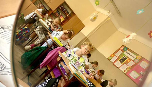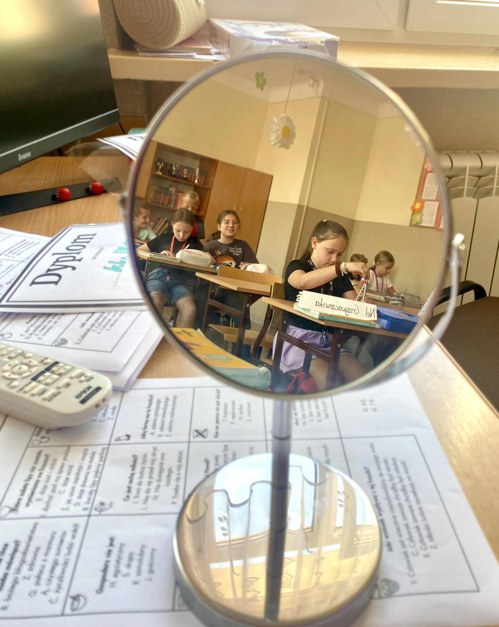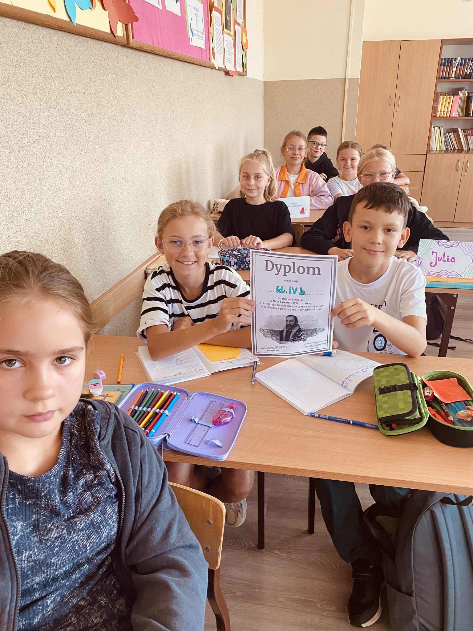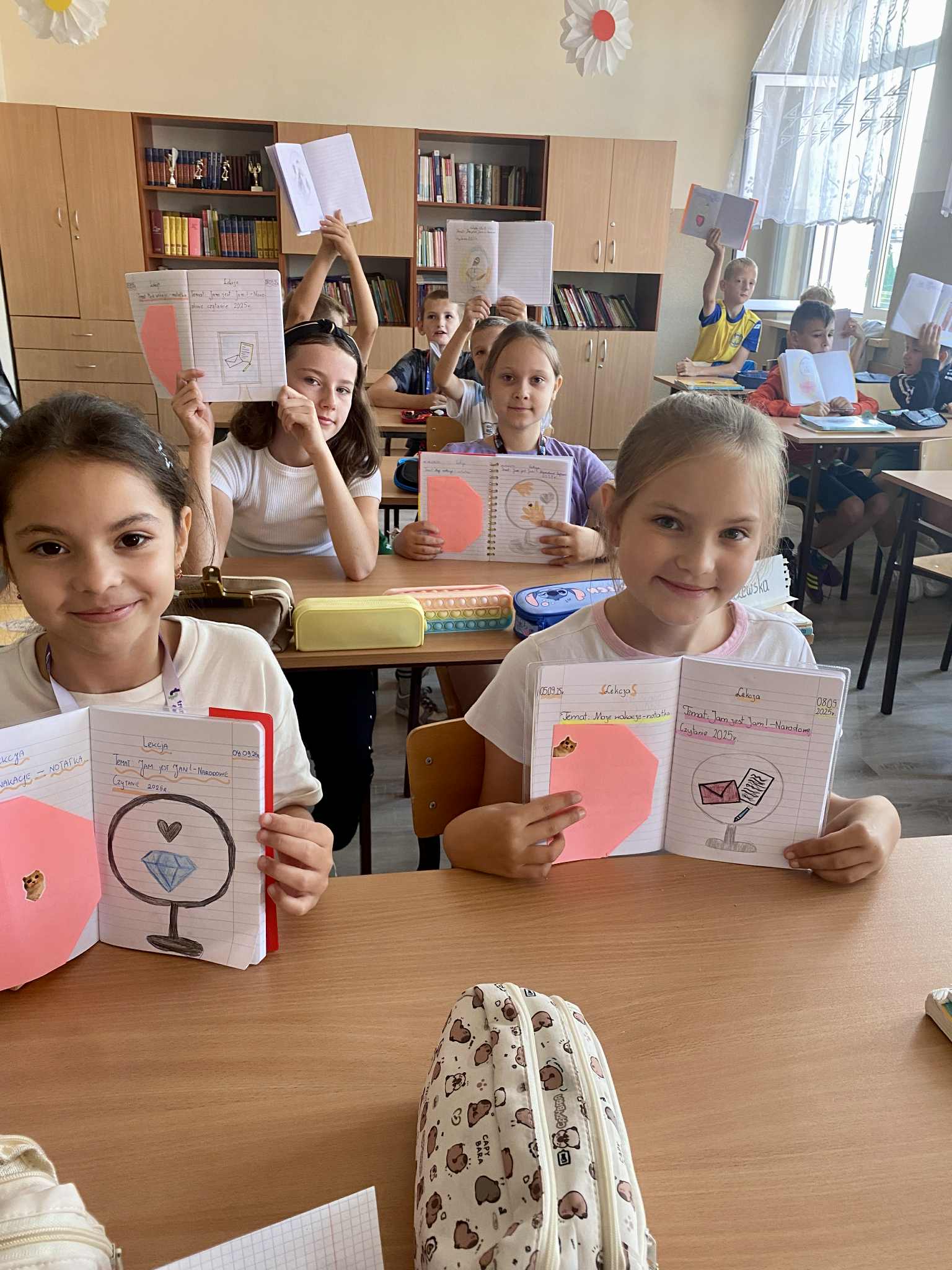 Dużym wyzwaniem okazało się czytanie tekstów w lustrzanym odbiciu – ale nasi uczniowie świetnie dali sobie radę! Na zakończenie spróbowali własnych sił w krótkim opowiadaniu inspirowanym twórczością poety. Była to nie tylko lekcja literatury, lecz także doskonała okazja do zabawy, refleksji i wspólnego przeżywania kultury.
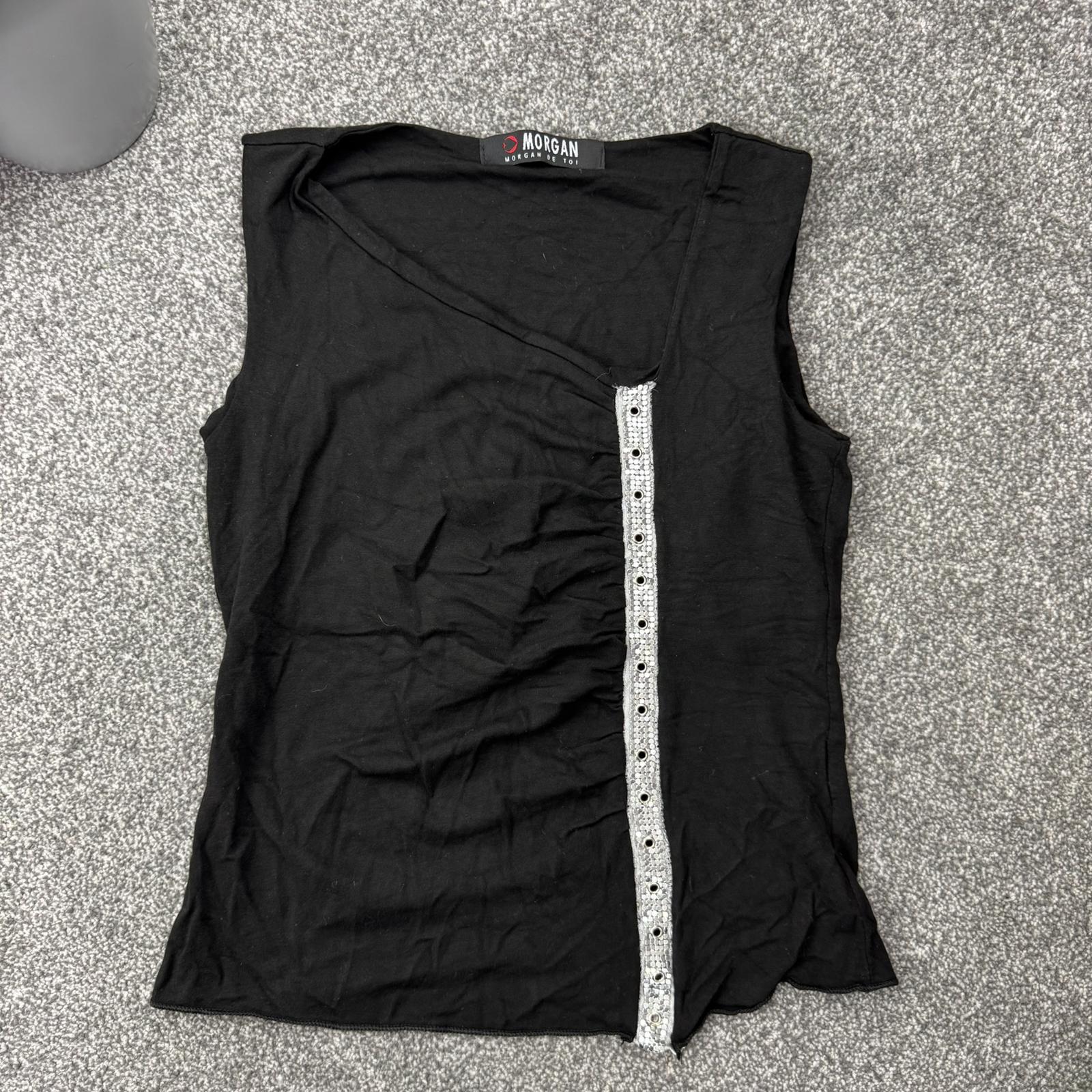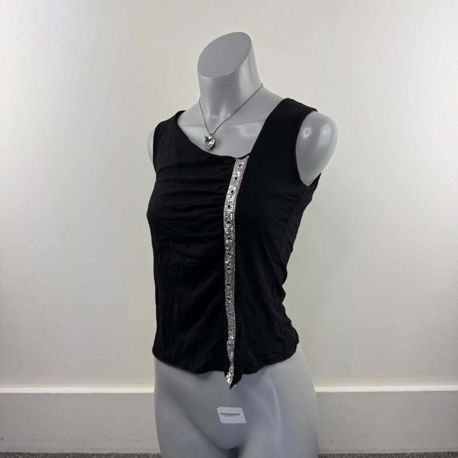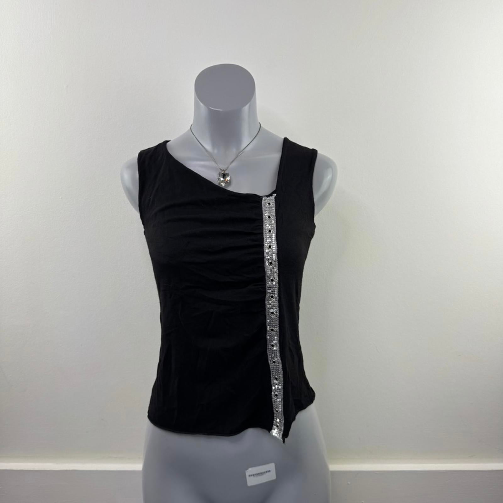 Y2K vintage Morgan De Toi tank top asymmetrical neckline ruched silver
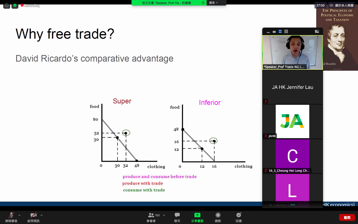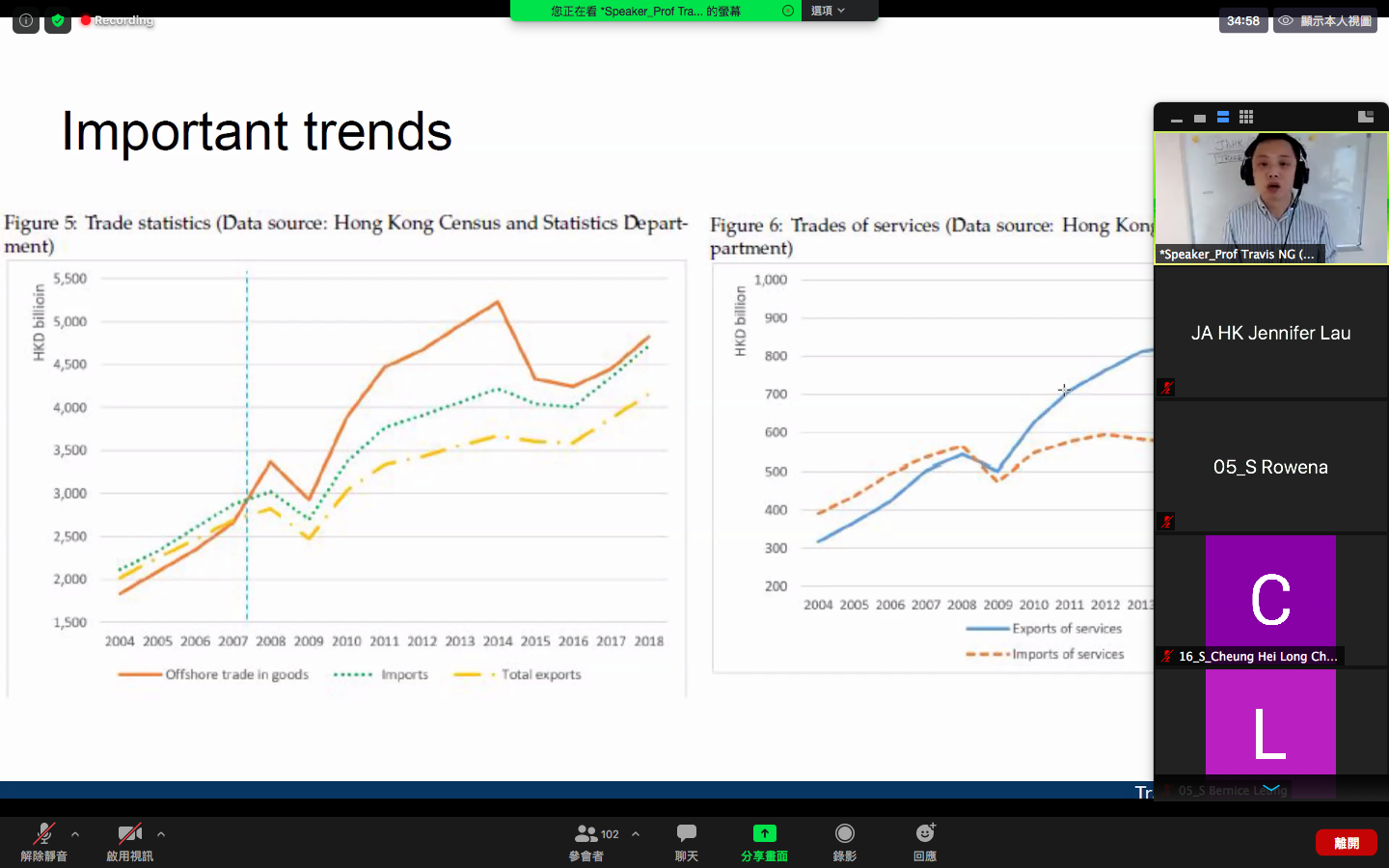 Prof. Travis NG was invited to deliver a talk titled Progress on regional economic cooperation and its implication for Hong Kong, aiming to enhancing students’ awareness and understanding of regional trade and economic cooperation.
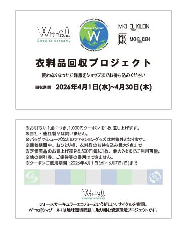 店頭にお持ちいただいた衣料品1点につき、1,000円クーポン券1枚引換いたします。(お客様お一人につき最大9点まで)
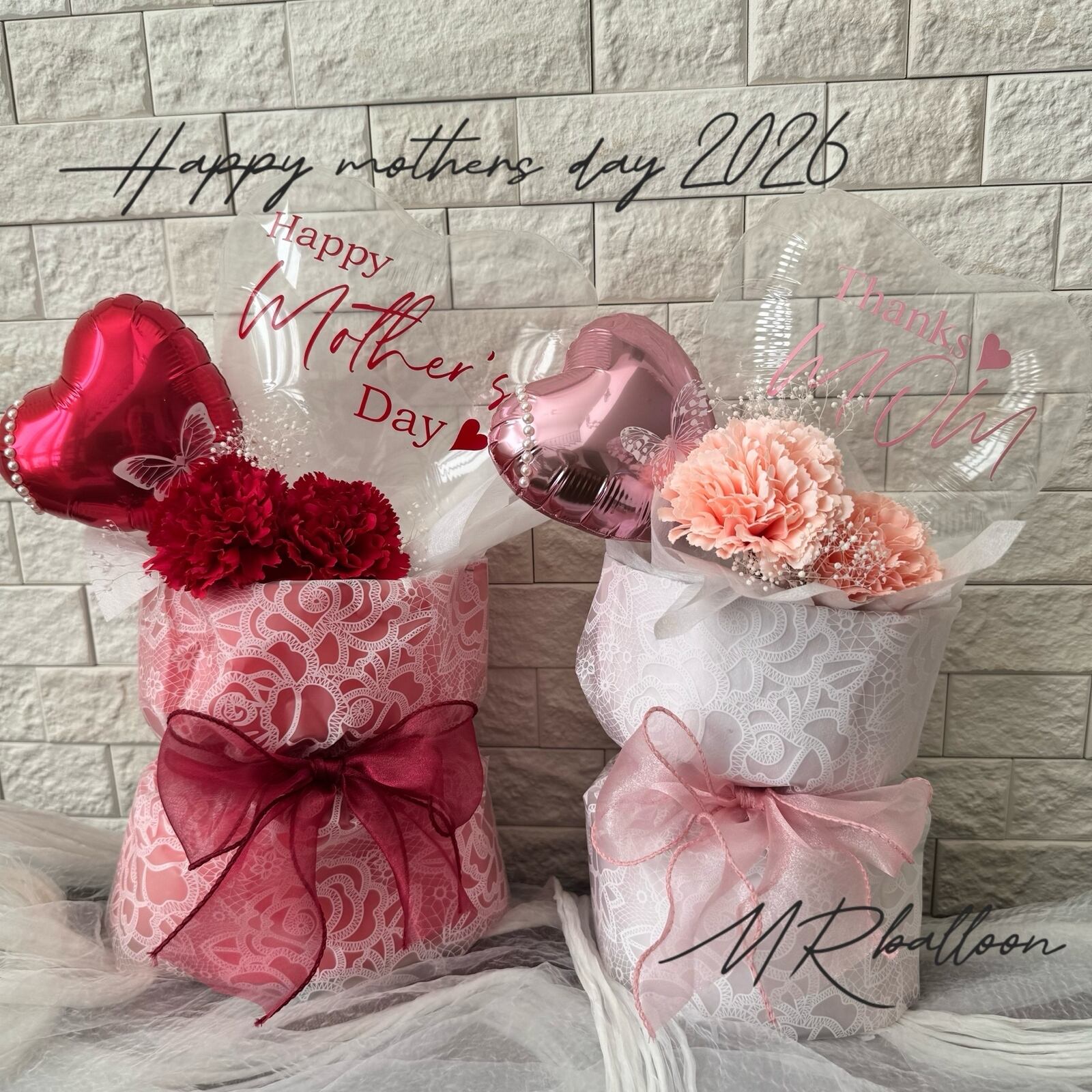 新作♥2026母の日ギフト♥クリアハートバルーンアレンジ(レースラッピング)
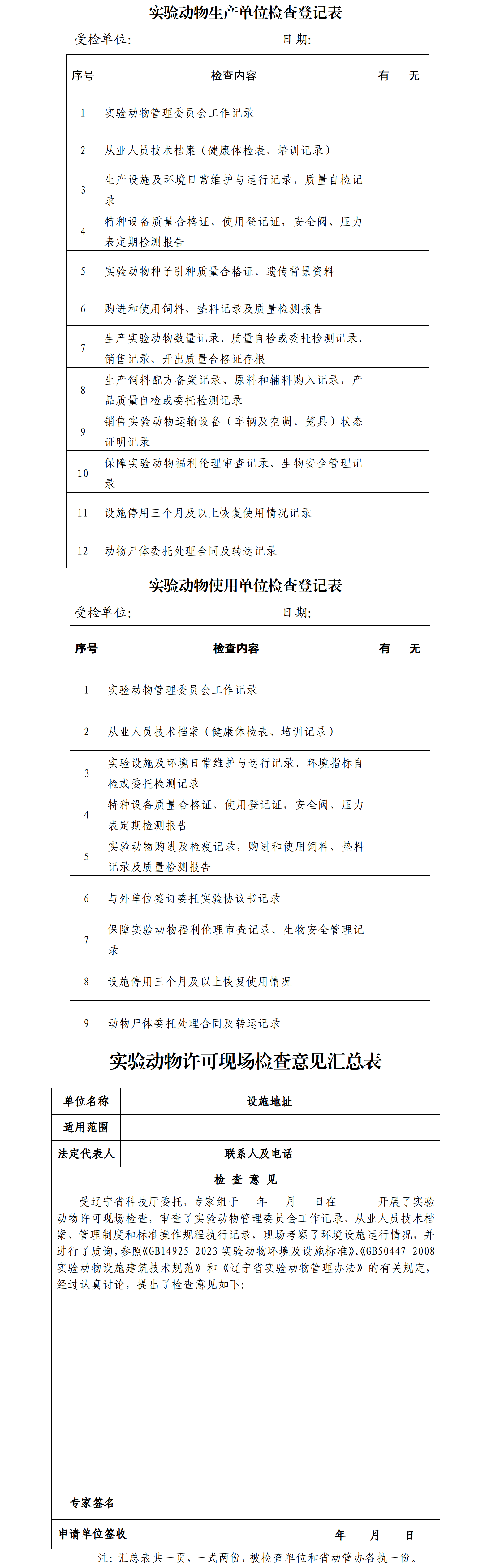 实验动物生产单位检查登记表
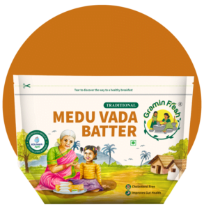 Gramin Fresh batters are made using traditional stone grinding methods and natural ingredients, ensuring authentic South Indian flavors. Our batters undergo a natural fermentation process to enhance texture and taste without any artificial additives or preservatives.
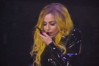 I was introduced to GaGa, wished her a happy birthday and gave her the collage. She said, "thank you...oh my God, you've been (to the Monster Ball) quite a bit." I told her that this night was my 5th. I also showed her the unicorn card and she told me it was beautiful and thanked me.

....

◆ **Exercise aim**
Restate, word for word, the entries above, dropping any picture.

◆ **Solution for this exercise**
 Dużym wyzwaniem okazało się czytanie tekstów w lustrzanym odbiciu – ale nasi uczniowie świetnie dali sobie radę! Na zakończenie spróbowali własnych sił w krótkim opowiadaniu inspirowanym twórczością poety. Była to nie tylko lekcja literatury, lecz także doskonała okazja do zabawy, refleksji i wspólnego przeżywania kultury.
 Y2K vintage Morgan De Toi tank top asymmetrical neckline ruched silver
 Prof. Travis NG was invited to deliver a talk titled Progress on regional economic cooperation and its implication for Hong Kong, aiming to enhancing students’ awareness and understanding of regional trade and economic cooperation.
 店頭にお持ちいただいた衣料品1点につき、1,000円クーポン券1枚引換いたします。(お客様お一人につき最大9点まで)
 新作♥2026母の日ギフト♥クリアハートバルーンアレンジ(レースラッピング)
 实验动物生产单位检查登记表
 Gramin Fresh batters are made using traditional stone grinding methods and natural ingredients, ensuring authentic South Indian flavors. Our batters undergo a natural fermentation process to enhance texture and taste without any artificial additives or preservatives.
 I was introduced to GaGa, wished her a happy birthday and gave her the collage. She said, "thank you...oh my God, you've been (to the Monster Ball) quite a bit." I told her that this night was my 5th. I also showed her the unicorn card and she told me it was beautiful and thanked me.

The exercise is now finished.